Information provided ::
_ _ _ _ _
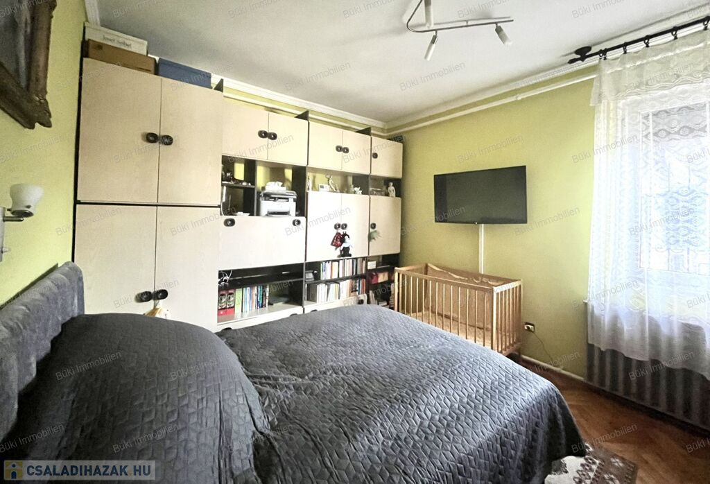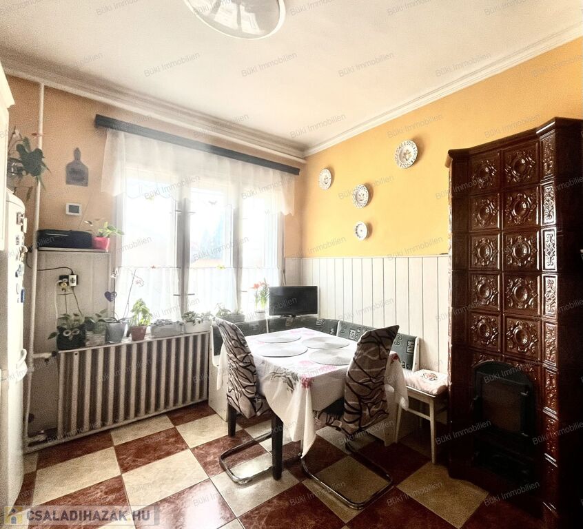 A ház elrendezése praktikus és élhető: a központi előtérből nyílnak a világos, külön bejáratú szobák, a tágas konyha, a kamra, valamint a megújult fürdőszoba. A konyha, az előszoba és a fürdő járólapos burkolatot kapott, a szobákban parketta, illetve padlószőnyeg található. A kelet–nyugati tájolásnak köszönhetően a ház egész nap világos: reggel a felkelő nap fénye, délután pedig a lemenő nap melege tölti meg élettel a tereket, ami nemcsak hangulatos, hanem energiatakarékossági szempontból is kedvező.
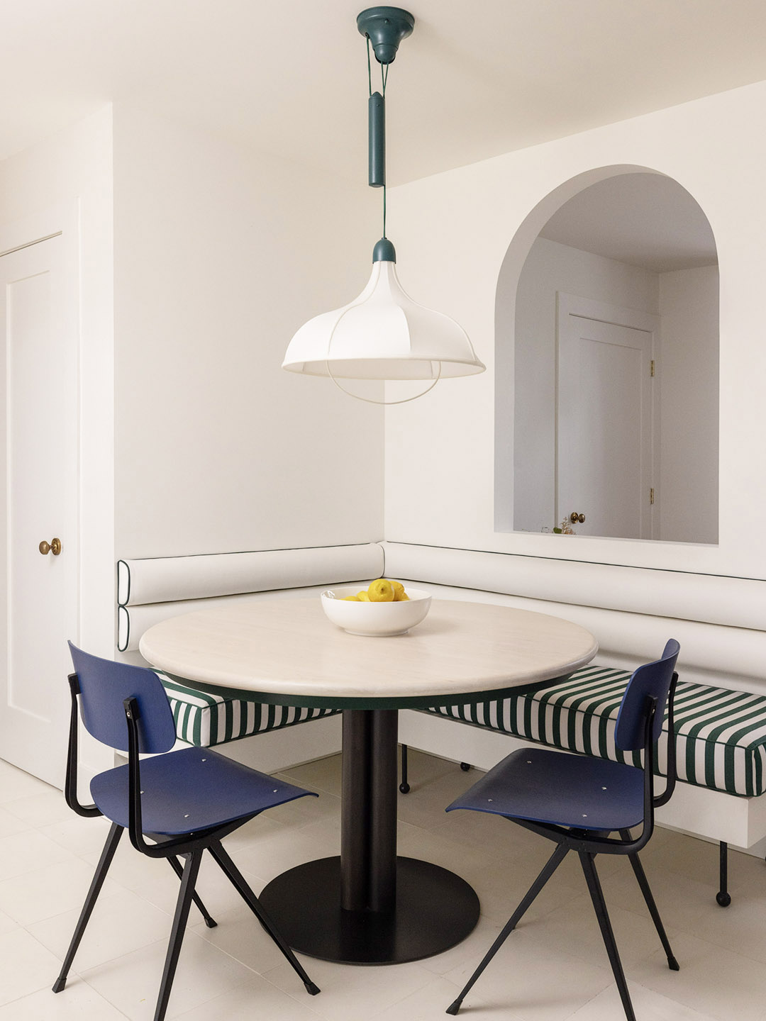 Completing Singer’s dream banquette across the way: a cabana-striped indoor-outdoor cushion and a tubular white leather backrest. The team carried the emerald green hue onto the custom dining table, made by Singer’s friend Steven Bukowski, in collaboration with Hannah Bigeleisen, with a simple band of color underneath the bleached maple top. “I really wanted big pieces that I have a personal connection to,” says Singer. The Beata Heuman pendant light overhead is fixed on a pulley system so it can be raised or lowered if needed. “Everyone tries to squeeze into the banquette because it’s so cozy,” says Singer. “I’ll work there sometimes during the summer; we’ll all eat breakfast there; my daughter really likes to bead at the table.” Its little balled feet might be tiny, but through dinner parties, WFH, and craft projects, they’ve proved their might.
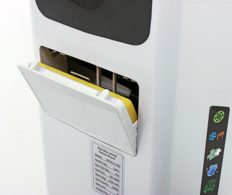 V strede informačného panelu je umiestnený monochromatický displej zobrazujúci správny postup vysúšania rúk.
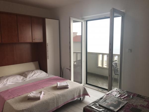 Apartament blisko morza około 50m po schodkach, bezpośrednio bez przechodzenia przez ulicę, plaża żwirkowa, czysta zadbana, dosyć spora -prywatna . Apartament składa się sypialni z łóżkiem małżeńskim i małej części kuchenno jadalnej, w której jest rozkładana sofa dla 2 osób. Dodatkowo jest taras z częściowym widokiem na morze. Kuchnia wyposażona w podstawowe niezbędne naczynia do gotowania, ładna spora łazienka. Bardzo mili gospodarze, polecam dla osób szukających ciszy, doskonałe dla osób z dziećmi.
_ _ _ _ _
Your task :: Reproduce the full listing above verbatim, with no pictures included.

Expected output ::
 A ház elrendezése praktikus és élhető: a központi előtérből nyílnak a világos, külön bejáratú szobák, a tágas konyha, a kamra, valamint a megújult fürdőszoba. A konyha, az előszoba és a fürdő járólapos burkolatot kapott, a szobákban parketta, illetve padlószőnyeg található. A kelet–nyugati tájolásnak köszönhetően a ház egész nap világos: reggel a felkelő nap fénye, délután pedig a lemenő nap melege tölti meg élettel a tereket, ami nemcsak hangulatos, hanem energiatakarékossági szempontból is kedvező.
 Completing Singer’s dream banquette across the way: a cabana-striped indoor-outdoor cushion and a tubular white leather backrest. The team carried the emerald green hue onto the custom dining table, made by Singer’s friend Steven Bukowski, in collaboration with Hannah Bigeleisen, with a simple band of color underneath the bleached maple top. “I really wanted big pieces that I have a personal connection to,” says Singer. The Beata Heuman pendant light overhead is fixed on a pulley system so it can be raised or lowered if needed. “Everyone tries to squeeze into the banquette because it’s so cozy,” says Singer. “I’ll work there sometimes during the summer; we’ll all eat breakfast there; my daughter really likes to bead at the table.” Its little balled feet might be tiny, but through dinner parties, WFH, and craft projects, they’ve proved their might.
 V strede informačného panelu je umiestnený monochromatický displej zobrazujúci správny postup vysúšania rúk.
 Apartament blisko morza około 50m po schodkach, bezpośrednio bez przechodzenia przez ulicę, plaża żwirkowa, czysta zadbana, dosyć spora -prywatna . Apartament składa się sypialni z łóżkiem małżeńskim i małej części kuchenno jadalnej, w której jest rozkładana sofa dla 2 osób. Dodatkowo jest taras z częściowym widokiem na morze. Kuchnia wyposażona w podstawowe niezbędne naczynia do gotowania, ładna spora łazienka. Bardzo mili gospodarze, polecam dla osób szukających ciszy, doskonałe dla osób z dziećmi.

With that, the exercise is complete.